От горя побелевшими губами
Целуют так перед разлукой люди.
Потом ей попалось очень длинное стихотворение, называвшееся "Новогоднее гаданье". Начиналось оно так:
Что новый год мне принесет?
Открою свой ларец заветный:
В нем летний зной и запах летний -
Чабрец, душица, тмин, осот.
Дальше шло пространное описание гаданья по дыму сжигаемых трав, и все эти травы подробно описывались, а также перечислялись их лекарственные и колдовские свойства. Кончалось стихотворение такими строками:
Что принесет мне новый год -
Златой ларец, сосновый ящик?
Не знаю, кто из нас уйдет,
Но слышу поступь уходящих.
Стихи о растениях Апраксина положила рядом с собой, а папку с остальными отложила на самый край обширного стола - они ее не интересовали. Она придвинула к себе пластиковый мешок с бумажным сором из квартиры Каменевых и стала внимательно проглядывать клочки разорванных бумаг. Очень скоро на глаза ей попалась оторванная верхняя часть книжной страницы с номером 22 вверху и русским текстом ниже - ее она и искала. Листок был из книги небольшого формата, напечатанной на скверной газетной бумаге. Она разгладила его и прочла:
"…и др. вещества. Скрибоний Лярго употреблял Д. в значительных дозах как рвотное; Гиппократ - при нервном истощении, а также при легочных заболеваниях. Аристотель, Диоскорид, Плиний рекомендовали употреблять цветы и листья Д. с вином против всевозможных ядовитых укусов; настой - желудочное, противосудорожное, облегчающее менструации средство; эфирное масло - против зубной боли (наружное болеутоляющее), настой внутрь - против спазм и одышки, при застоях крови; в виде ванн - от сыпей; все растение - от золотухи. С медовой водой применялось…" - последние слова были подчеркнуты, а дальше текст был оторван.
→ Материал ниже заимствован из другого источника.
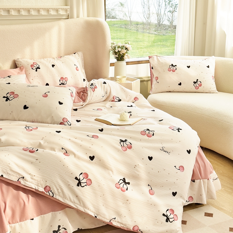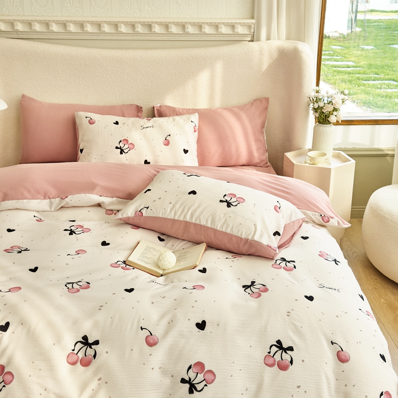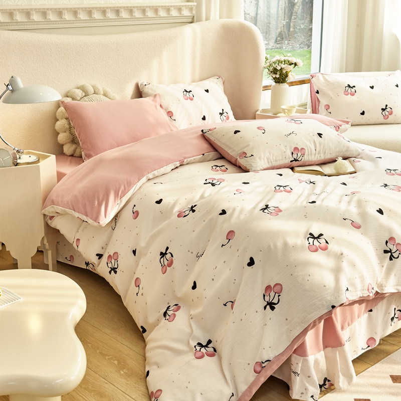 商品名称:富之航家纺 2024新款提花泡泡棉四件套 粉樱桃

Она перевернула листок и прочла: "Как медонос Д. гораздо продуктивнее, чем дудник, 100 цветков растения выделяют за сутки с нектаром до 24 мг сахара. Пчелиная семья заготавливает с зарослей Д. до 8 кг меда в день, а медовая продуктивность растения достигает 500 кг с 1 гектара. Дягильный мед красноватый, медленно кристаллизующийся.
Корневища Д. обладают приятным и сильным своеобразным ароматом, поэтому осенью их собирают, шинкуют, добавляют в салаты, горячие овощные блюда и супы".
"Полезная травка, - подумала Апраксина про дягиль и вспомнила заросли этого мощного зонтичного вдоль Изара, - но что за траву означает это Д. на другой стороне странички? Дягиль или что-то другое?" Она подошла к книжным шкафам, открыла дверцу и достала имевшийся у нее старинный травник.
- Посмотрим, что тут у нас на Д? - проговорила она, раскрывая книгу на перечне трав. На букву Д были:
!!!!Девясил высокий
Дербенник иволистный
Деревий
Дикая рябинка
Донник
Дуб
Дудник
Дурман вонючий
Дурника
Душица
Дягиль
- Ну, дягиль, положим, теперь уже можно исключить, - сказала она себе. - Как, впрочем, и дуб.